Umat Kristen yang hidup di abad-abad pertama banyak sekali mengalami penderitaan karena kekristenan mereka. Derita mereka di zaman itu bukan hanya hujatan, ujaran kebencian, atau penolakan terhadap inti kepercayaan Kristen dengan menyatakan isi Alkitab bohong, fiktif, penuh khayal, melainkan juga langsung berkaitan dengan fisik mereka. Mereka dibakar, dijebloskan ke dalam penjara, dijadikan umpan binatang buas, dibunuh dengan cara-cara yang keji dan biadab. Para pembunuh itu menganggap bahwa dengan cara seperti itu kekristenan akan mati dan ditinggalkan banyak orang. Namun, ternyata kekristenan makin merambah ke berbagai negeri; semboyan "darah para martir adalah benih Gereja", benar-benar mewujud nyata.
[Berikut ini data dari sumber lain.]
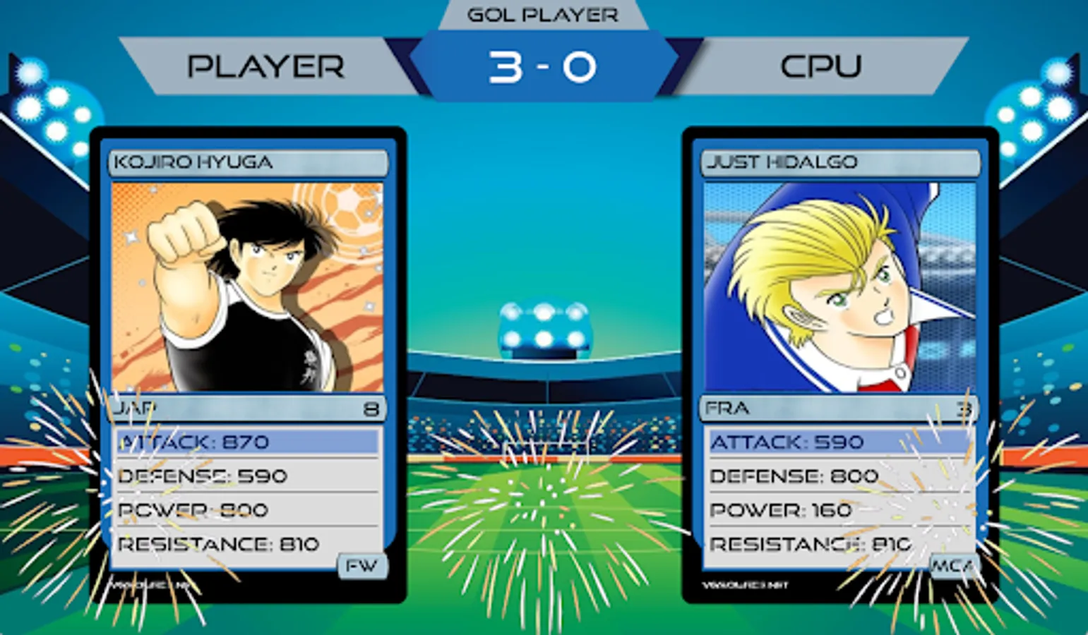 Card game which is based on scoring goals according to the tactic you choose, if it is higher you score a goal, if it is lower you concede a goal and if they are equal tie.

Dalam perikop yang oleh LAI diberi judul  "Berjaga-jaga" (ITes. 5:1-11), Rasul Paulus memberi penegasan hari Tuhan yang  memang sangat dirindukan oleh umat Kristen di abad pertama. Ada begitu banyak pesan yang dikedepankan Paulus bagi umat dalam menyongsong Hari Tuhan, hari kedatangan Yesus yang kedua kali. Karena hari itu tidak diketahui dengan pasti kapan terjadinya, Paulus meminta agar umat berjaga-jaga dan sadar (1 Tes.5:6). Karena pada zaman itu juga muncul beragam pandangan seputar Hari Tuhan, seolah hari itu diwarnai oleh penghukuman terhadap umat, maka ia memberi penguatan bagi umat dengan menyatakan bahwa "Allah tidak menetapkan kita untuk ditimpa murka tetapi untuk beroleh keselamatan oleh Yesus Kristus ...".
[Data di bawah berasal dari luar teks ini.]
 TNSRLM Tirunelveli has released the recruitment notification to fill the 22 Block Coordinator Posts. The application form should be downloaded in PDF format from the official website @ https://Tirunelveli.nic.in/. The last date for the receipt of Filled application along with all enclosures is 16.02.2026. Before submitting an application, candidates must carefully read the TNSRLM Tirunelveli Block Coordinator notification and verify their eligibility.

Sebagai pemimpin umat, Paulus memberi penguatan iman berdasarkan pemikiran teologis yang menjadi khazanah kekristenan, agar umat tidak pesimis dan terbelenggu pada pemikiran yang sia-sia. Istilah "murka" dan "keselamatan oleh Yesus Kristus" adalah dua kata paradoksal dan kontradiktif yang sengaja diekspos Paulus; bukan sekadar sebagai pemuas batin bagi umat yang tengah didera derita, melainkan sebagai pengulangan, repetitio, terhadap apa yang pernah Yesus ucapkan (vide: Yoh. 3:16---18).
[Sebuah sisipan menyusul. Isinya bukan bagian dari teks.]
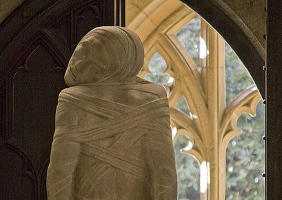 Photos: the road to Emmaus by Caravaggio; the Epstein statue of Lazarus in New College, Oxford; my own personal Jesus; and a cross at Hatches Harbor at the end of Cape Cod.)
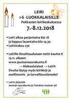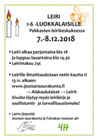 Leiri alkaa perjantaina klo 18 ja loppuu lauantaina klo 14.30 Leirimaksu 25€ Leirille ilmoittaudutaan netin kautta ti 13.11. alkaen: www.joutsanseurakunta.fi → Alakoululaiset → Leirit Sivulta löytyy myös leirikirje ja osallistumis- ja turvallisuuslomake! Leirin järjestää Joutsan seurakunta ja Toivakan-Joutsan 4H
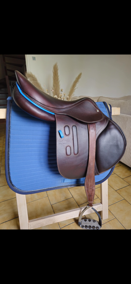 Suite à l'arrêt de l'activité équestre je vends ma selle complète GBS taille 18.5 4AV3+ (quartier adaptés pour cavalier de +/- 1m90) avec étrivières monobranche taille L, étriers vita stirrup avec housse de protection (voir photos).

Ungkapan Paulus yang dikutip di bagian awal tulisan ini masih tetap penting, relevan, dan aktual bagi Gereja yang hidup di era milenial. Di era ini Gereja tetap mengalami penderitaan: pemasungan kebebasan beragama, kesulitan mendapat izin pembangunan gedung gereja, penodaan agama lewat buku, ceramah, medsos, pernyataan bahwa Alkitab itu telah dipalsukan dan fiktif, gerakan ofensif penyiaran agama di "kantung-kantung Kristen". Menghadapi realitas ini Gereja dan kekristenan harus solid, tidak ignore, tidak berlindung di balik eufemisme dan perdebatan linguistik yang mubazir, memperkuat warga Gereja dan bukan membingungkannya. Kita harus sadar dan berjaga-jaga, setia kepada Yesus Kristus. Kita juga harus tetap mendoakan dan mengasihi mereka yang membenci kita seperti yang diajarkan Yesus kepada kita. Ingat dan catat kita beriman dan percaya kepada JURU SELAMAT YESUS KRISTUS dan BUKAN kepada GURU SELAMAT YESUS KRISTUS!